With that conviction strong within me, I volunteered for this service, as I would have volunteered for anything that set work and hardship and danger, like ramparts, between my misery and me.
With that conviction strong within me still, I tell you it is no matter whether I stay here with the sick, or go hence with the strong. I shall live till I have met that man! There is a day of reckoning appointed between us. Here in the freezing cold, or away in the deadly heat; in battle or in shipwreck; in the face of starvation; under the shadow of pestilence--I, though hundreds are falling round me, I shall live! live for the coming of one day! live for the meeting with one man!"
He stopped, trembling, body and soul, under the hold that his own terrible superstition had fastened on him. Crayford drew back in silent horror. Wardour noticed the action--he resented it--he appealed, in defense of his one cherished conviction, to Crayford's own experience of him.
"Look at me!" he cried. "Look how I have lived and thriven, with the heart-ache gnawing at me at home, and the winds of the icy north whistling round me here! I am the strongest man among you.
Why? I have fought through hardships that have laid the best-seasoned men of all our party on their backs. Why? What have _I_ done, that my life should throb as bravely through every vein in my body at this minute, and in this deadly place, as ever it did in the wholesome breezes of home? What am I preserved for? I tell you again, for the coming of one day--for the meeting with one man."
He paused once more. This time Crayford spoke.
"Richard!" he said, "since we first met, I have believed in your better nature, against all outward appearance. I have believed in you, firmly, truly, as your brother might. You are putting that belief to a hard test. If your enemy had told me that you had ever talked as you talk now, that you had ever looked as you look now, I would have turned my back on him as the utterer of a vile calumny against a just, a brave, an upright man. Oh! my friend, my friend, if ever I have deserved well of you, put away these thoughts from your heart! Face me again, with the stainless look of a man who has trampled under his feet the bloody superstitions of revenge, and knows them no more! Never, never, let the time come when I cannot offer you my hand as I offer it now, to the man I can still admire--to the brother I can still love!"
The heart that no other voice could touch felt that appeal. The fierce eyes, the hard voice, softened under Crayford's influence.
Richard Wardour's head sank on his breast.
"You are kinder to me than I deserve," he said. "Be kinder still, and forget what I have been talking about. No! no more about me;
I am not worth it. We'll change the subject, and never go back to it again. Let's do something. Work, Crayford--that's the true elixir of our life! Work, that stretches the muscles and sets the blood a-glowing. Work, that tires the body and rests the mind. Is there nothing in hand that I can do? Nothing to cut? nothing to carry?"
The door opened as he put the question. Bateson--appointed to chop Frank's bed-place into firing--appeared punctually with his ax. Wardour, without a word of warning, snatched the ax out of the man's hand.

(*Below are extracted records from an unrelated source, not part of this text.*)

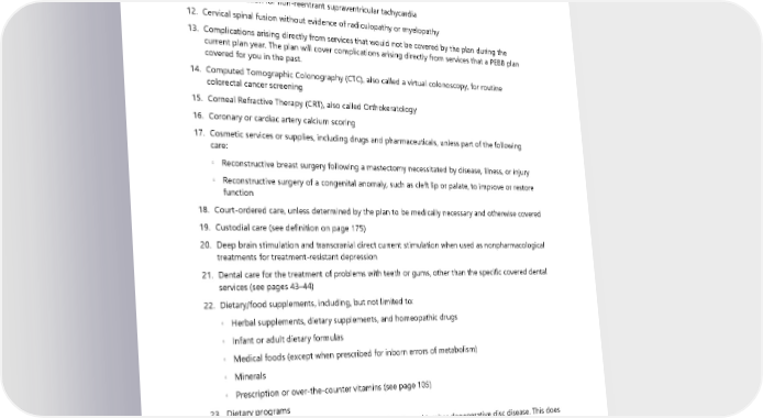 ◦ Ultrasonic stimulator – delayed fractures and concurrent use with another noninvasive stimulator. 7. Bone morphogenetic protein-7 (rhBMP-7) for use in lumbar fusion 8. Bronchial thermoplasty for asthma 9. Carotid artery stenting of intracranial arteries 10. Carotid intima media thickness testing 11. Catheter ablation for non-reentrant supraventricular tachycardia 12. Cervical spinal fusion without evidence of radiculopathy or myelopathy 13. Complications arising directly from services that would not be covered by the plan during the current plan year. The plan will cover complications arising directly from services that a PEBB plan covered for you in the past. 14. Computed Tomographic Colonography (CTC), also called a virtual colonoscopy, for routine colorectal cancer screening 15. Corneal Refractive Therapy (CRT), also called Orthokeratology 16. Coronary or cardiac artery calcium scoring 17. Cosmetic services or supplies, including drugs and pharmaceuticals, unless part of the following care: ◦ Reconstructive breast surgery following a mastectomy necessitated by disease, illness, or injury ◦ Reconstructive surgery of a congenital anomaly, such as cleft lip or palate, to improve or restore function 18. Court-ordered care, unless determined by the plan to be medically necessary and otherwise covered 19. Custodial care (see definition on page 175) 20. Deep brain stimulation and transcranial direct current stimulation when used as nonpharmacological treatments for treatment-resistant depression 21. Dental care for the treatment of problems with teeth or gums, other than the specific covered dental services (see pages 43–44) 22. Dietary/food supplements, including, but not limited to: ◦ Herbal supplements, dietary supplements, and homeopathic drugs ◦ Infant or adult dietary formulas ◦ Medical foods (except when prescribed for inborn errors of metabolism) ◦ Minerals ◦ Prescription or over-the-counter vitamins (see page 105) 23. Dietary programs 24. Discography for patients with chronic low back pain and lumbar degenerative disc disease. This does not apply to patients with the following conditions: ◦ Degenerative disease associated with significant deformity ◦ Fracture, tumor, infection, and inflammatory disease ◦ Functional neurologic deficits (motor weakness or Electromyography [EMG] findings of radiculopathy) 110 2024 UMP Select (PEBB) Certificate of Coverage
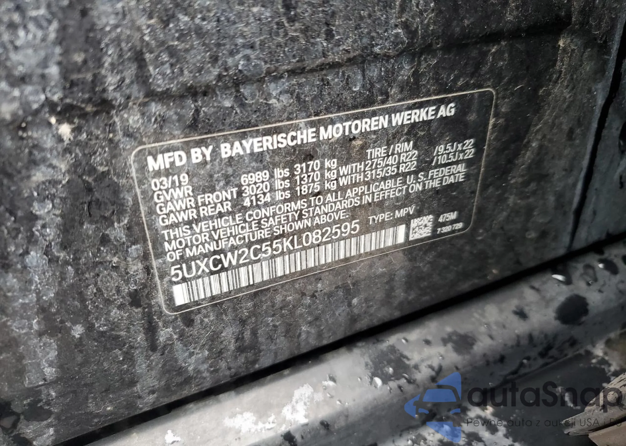 VIN: 5UXCW2C55KL082595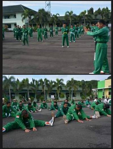 PRAJURIT MAKOREM 043/GATAM MELAKSANAKAN LATIHAN BELA DIRI YONG MOODO.
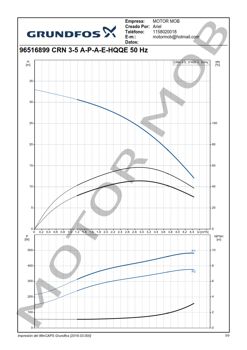 BOMBA MULTICELULAR VERTICAL – GRUNDFOS – CRN 3-5 – 0.5 HP – TRIFASICA – ARTICULO 96516899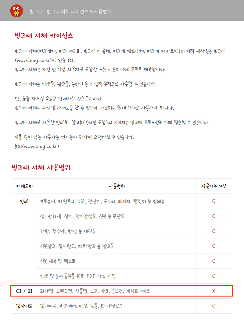 출처 - www.bingfont.co.kr/license.html
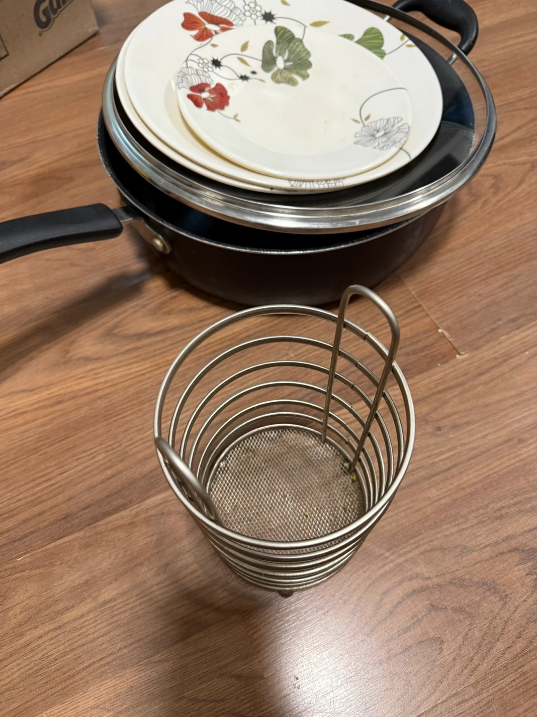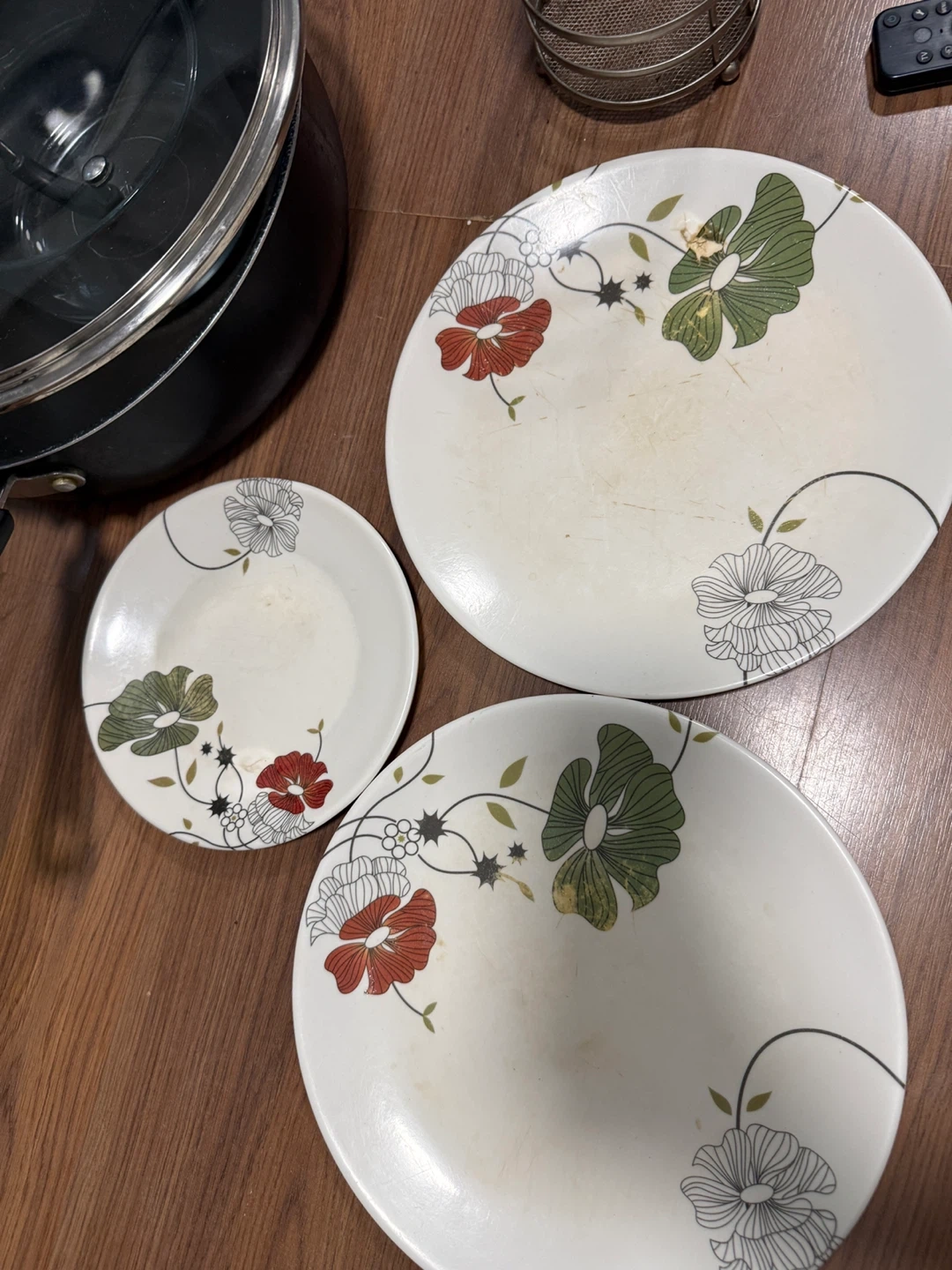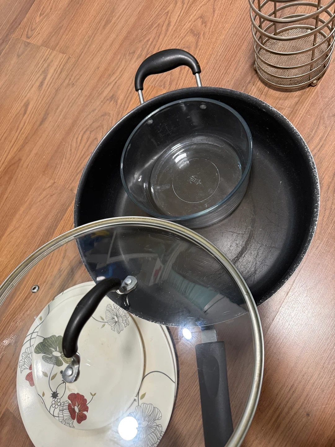 Selling a collection of kitchen items including pots, pans, plates with floral designs, and a metal utensil holder. They're used but still have plenty of life left!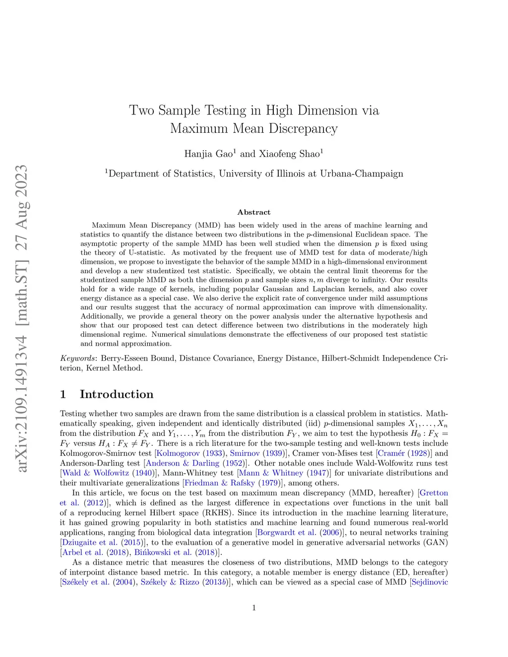 Two Sample Testing in High Dimension via Maximum Mean Discrepancy

"What was this wanted for?" he asked.
"To cut up Mr. Aldersley's berth there into firing, sir."
"I'll do it for you! I'll have it down in no time!" He turned to Crayford. "You needn't be afraid about me, old friend. I am going to do the right thing. I am going to tire my body and rest my mind."
The evil spirit in him was plainly subdued--for the time, at least. Crayford took his hand in silence; and then (followed by Bateson) left him to his work.